Urbanization product overlayed on false color composite


In [43]:
rgb(filtered_composite_t1, 
           bands = ["nir","swir1","blue"], 
           paint_on_mask = [(np.logical_and(urban_product_t1.astype(bool), mask), [255,0,0])],
           width = 15)
plt.show()


Last Year

Urbanization Product overlayed on false color composite


In [44]:
rgb(filtered_composite_t2,
    bands = ["nir","swir1","blue"],
    paint_on_mask = [(np.logical_and(urban_product_t2.astype(bool), mask),[255,0,0])],
    width = 15)
plt.show()


Urbanization Change


In [45]:
fig = plt.figure(figsize = (15,5))

#T1 (LEFT)
ax1 = fig.add_subplot(121)
urban_product_t1.plot(cmap = "Reds")
ax1.set_title("Urbanization Extent {}".format(first_year))

#T2 (RIGHT)
ax2 = fig.add_subplot(122)
urban_product_t2.plot(cmap = "Reds")
ax2.set_title("Urbanization Extent {}".format(last_year))

plt.show()



In [46]:
comp_lat = filtered_composite_t1.latitude
meters_per_deg_lat = 111000 # 111 km per degree latitude
deg_lat = np.abs(np.diff(comp_lat[[0, -1]])[0])
meters_lat = meters_per_deg_lat * deg_lat
sq_meters_per_px = (meters_lat / len(comp_lat))**2

In [47]:
# Calculation the square meters of urbanized area.
urbanized_area_t1 = float( urban_product_t1.sum() * sq_meters_per_px )
urbanized_area_t2 = float( urban_product_t2.sum() * sq_meters_per_px )

In [48]:
consumption_rate = land_consumption_rate(area_t1 = urbanized_area_t1, area_t2 = urbanized_area_t2, y = time_range)

In [49]:
print("Land Consumption Rate of the Survey Region: {:.2f} Square Meters per Year".format(consumption_rate))

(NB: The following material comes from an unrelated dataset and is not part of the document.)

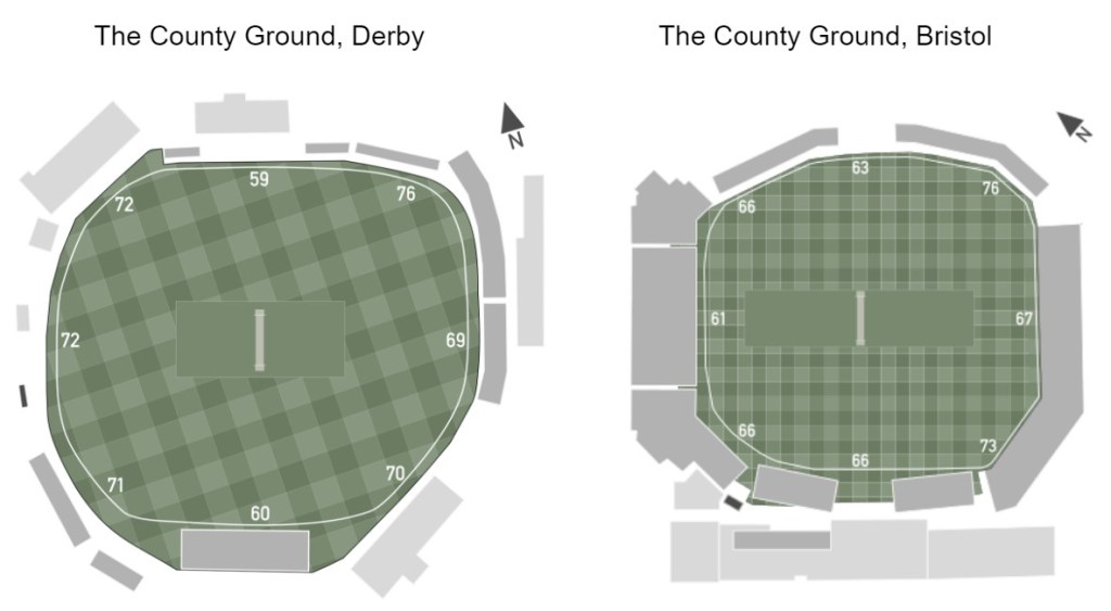 However much I would like to say the problems with the model are limited to distances of sixes and preparations of wickets not being accounted for, it would be a stone cold lie. ‘Ask Cricinfo’ (Cricinfo’s AI search engine which I used to collate data, as it responds to accurate prompts in a way no other service does) had problems with trying to process what I meant by ‘The County Ground, Derby’, meaning that Derbyshire is excluded from the statistics over the last ten years. As seen later, where I provide examples of some adjusted run totals, I took scores at Derbyshire at face value and provided all the runs scored to the players final total. This was an ample solution for the players who only played one game out the county ground, but for both Shan Masood and Wayne Madsen who scored the fifth and ninth most runs in the blast respectively, I had to leave them out of the adjusted scores. With Derby having the shortest straight boundaries in county cricket at 60m and 59m this seemed fairly reasonable. The south group also didn’t escape the issue, with the County Ground Bristol also lacking stats. When comparing these grounds they do have some similarities with short straight boundaries and longest in the Cow Corner region. The main difference is the 61m boundary square of the wicket found in Bristol. Even so, I took the same solution with both grounds and was fortunate enough to not have any Gloucestershire players in the top ten run scorers.

Land Consumption Rate of the Survey Region: 30030034.28 Square Meters per Year

SDG Indicator 11.3.1


In [52]:
indicator_val = sdg_11_3_1(consumption_rate,pop_growth)
print("The UN SDG 11.3.1 Indicator value (ratio of land consumption rate to population growth rate) "\
      "for this survey region for the specified parameters "\
      "is {:.2f} square meters per person.".format(indicator_val))
print("")
print("In other words, on average, according to this analysis, every new person is consuming {:.2f} square meters of land in total.".format(indicator_val))

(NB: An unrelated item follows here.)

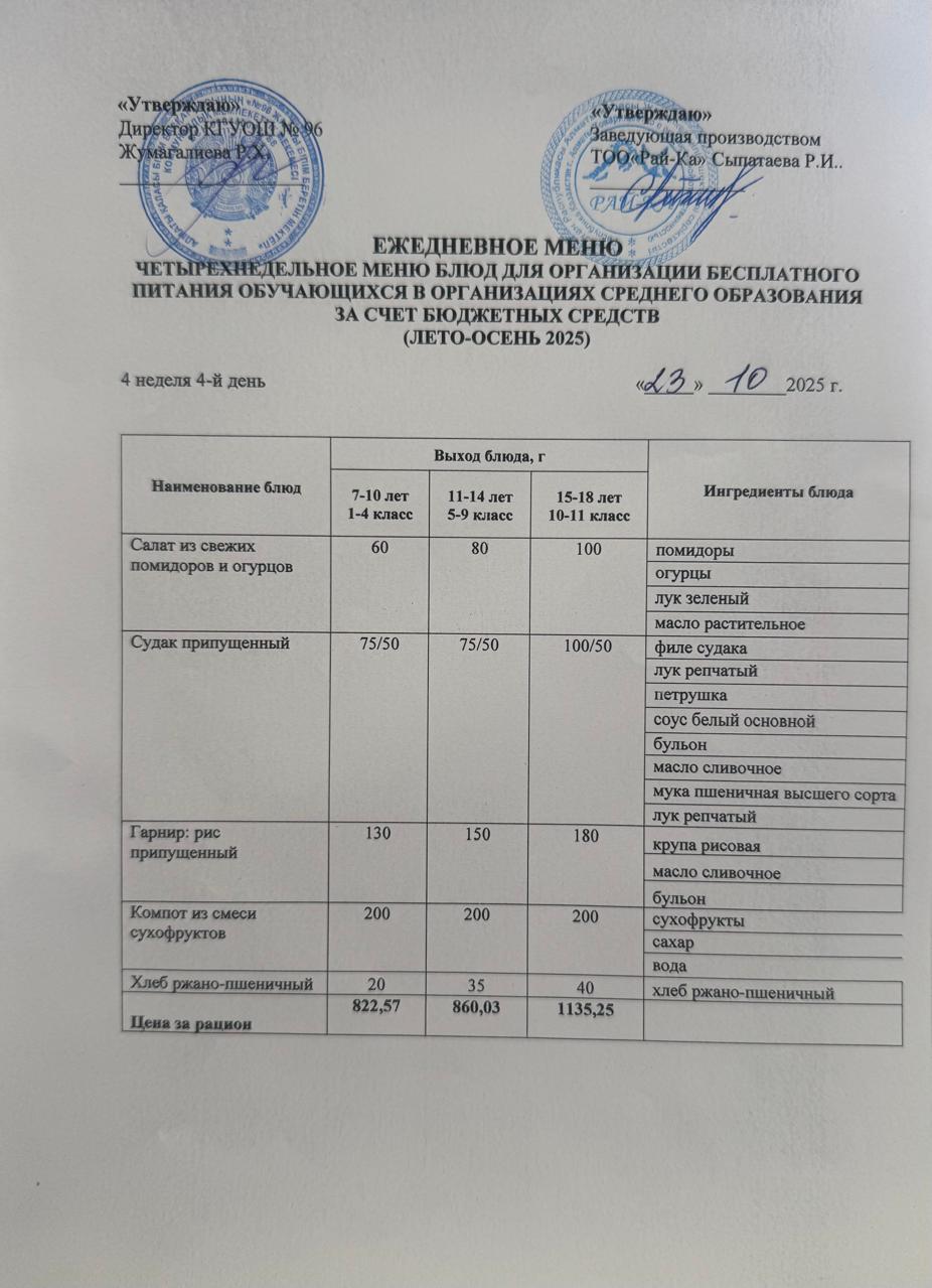 Ас мәзірі/Меню 23.10.2025

The UN SDG 11.3.1 Indicator value (ratio of land consumption rate to population growth rate) for this survey region for the specified parameters is 137.26 square meters per person.

In other words, on average, according to this analysis, every new person is consuming 137.26 square meters of land in total.